Trump announced last week that he would open negotiations with Russian President Vladimir Putin over ways to end the war in Ukraine, blindsiding both Kyiv and Washington’s fellow NATO allies in Europe. In response, Ukrainian President Volodymyr Zelenskyy called on the White House to recognize that “Putin does not want to end the war.”
At the same time, Latvian intelligence says, sanctions, capital flight and other economic challenges due to the war “will not cause Russia to collapse, but will, almost certainly, weaken the country both domestically and internationally in the long run.”
The longer the war drags on, it predicts, the Kremlin’s ability to maintain its sphere of influence will fall.
Despite the bleak outlook for the Russian state, the report warns that the country’s special services are actively developing their capabilities to conduct sabotage and other attacks across Europe. In recent months, the Baltic states have sounded the alarm over a number of low-tech efforts to disrupt critical infrastructure and stoke division in society.

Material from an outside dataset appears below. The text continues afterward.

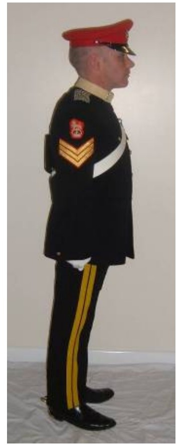 Старшие сержанты (SNCO) | Нагрудный знак (Collar badge) - вышитый тканевый (embroidered cloth type). Миниатюрные медали с креплением "вполнагрудия" носятся на левой стороне груди. Ботинки «Джордж» (George boots) со шпорами «лебединая шея». |

“It is very likely that the Russian services are testing the European reaction and ability to prevent such incidents,” the Latvian agency says, but cautions that such hybrid tactics are part of Moscow’s military doctrine in the event of a full-blown conflict with the West. The Kremlin, it says, is expanding “sabotage capabilities on NATO territory so that they would be sufficiently developed in the event of a real military confrontation.”
The warning comes days after the Danish Defense Intelligence Service last week claimed Russia could be ready to wage a “large-scale war” in Europe within five years. “Russia is likely to be more willing to use military force in a regional war against one or more European NATO countries if it perceives NATO as militarily weakened or politically divided,” it said.